_ASSIGNMENT_
Your task is to copy the stretch of lines in the records below that begins with the line containing "昨年末中日新聞の方が作業風景を取材してくださいました。 豊橋の次郎柿が多くの方に知っていた […]" and ends with the line containing "The partial solar", exactly as written, with nothing added.

[Items listed in a dataset]
········
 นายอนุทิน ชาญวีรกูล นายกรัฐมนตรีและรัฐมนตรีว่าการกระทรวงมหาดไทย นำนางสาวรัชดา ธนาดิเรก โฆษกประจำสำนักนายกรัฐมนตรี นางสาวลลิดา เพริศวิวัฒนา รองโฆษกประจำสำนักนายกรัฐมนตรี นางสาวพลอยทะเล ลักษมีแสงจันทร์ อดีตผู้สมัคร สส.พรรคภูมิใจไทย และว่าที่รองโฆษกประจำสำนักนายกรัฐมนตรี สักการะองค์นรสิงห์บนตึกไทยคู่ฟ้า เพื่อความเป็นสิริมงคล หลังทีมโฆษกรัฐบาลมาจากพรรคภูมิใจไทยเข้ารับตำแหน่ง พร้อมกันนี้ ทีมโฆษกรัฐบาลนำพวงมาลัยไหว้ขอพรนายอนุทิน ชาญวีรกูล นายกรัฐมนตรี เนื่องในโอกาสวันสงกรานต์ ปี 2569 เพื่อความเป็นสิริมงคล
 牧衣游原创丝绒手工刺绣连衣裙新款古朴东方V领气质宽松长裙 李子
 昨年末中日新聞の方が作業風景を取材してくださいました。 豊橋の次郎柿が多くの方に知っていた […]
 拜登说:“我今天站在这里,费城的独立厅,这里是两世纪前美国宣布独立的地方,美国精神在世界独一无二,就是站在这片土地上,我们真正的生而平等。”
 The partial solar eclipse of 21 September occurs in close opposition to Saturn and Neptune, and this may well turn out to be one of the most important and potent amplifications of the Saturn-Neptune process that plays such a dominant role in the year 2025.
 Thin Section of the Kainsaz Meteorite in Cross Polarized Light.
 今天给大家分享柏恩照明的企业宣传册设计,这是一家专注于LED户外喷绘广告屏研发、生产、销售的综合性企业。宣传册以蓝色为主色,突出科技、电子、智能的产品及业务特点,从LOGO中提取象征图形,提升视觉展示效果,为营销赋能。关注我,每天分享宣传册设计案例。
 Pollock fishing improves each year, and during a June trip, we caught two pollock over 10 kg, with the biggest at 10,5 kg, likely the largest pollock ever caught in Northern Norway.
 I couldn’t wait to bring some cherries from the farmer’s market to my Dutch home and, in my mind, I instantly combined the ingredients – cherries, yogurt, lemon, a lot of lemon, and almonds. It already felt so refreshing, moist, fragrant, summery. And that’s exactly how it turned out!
········
_REPLY_
 昨年末中日新聞の方が作業風景を取材してくださいました。 豊橋の次郎柿が多くの方に知っていた […]
 拜登说:“我今天站在这里,费城的独立厅,这里是两世纪前美国宣布独立的地方,美国精神在世界独一无二,就是站在这片土地上,我们真正的生而平等。”
 The partial solar eclipse of 21 September occurs in close opposition to Saturn and Neptune, and this may well turn out to be one of the most important and potent amplifications of the Saturn-Neptune process that plays such a dominant role in the year 2025.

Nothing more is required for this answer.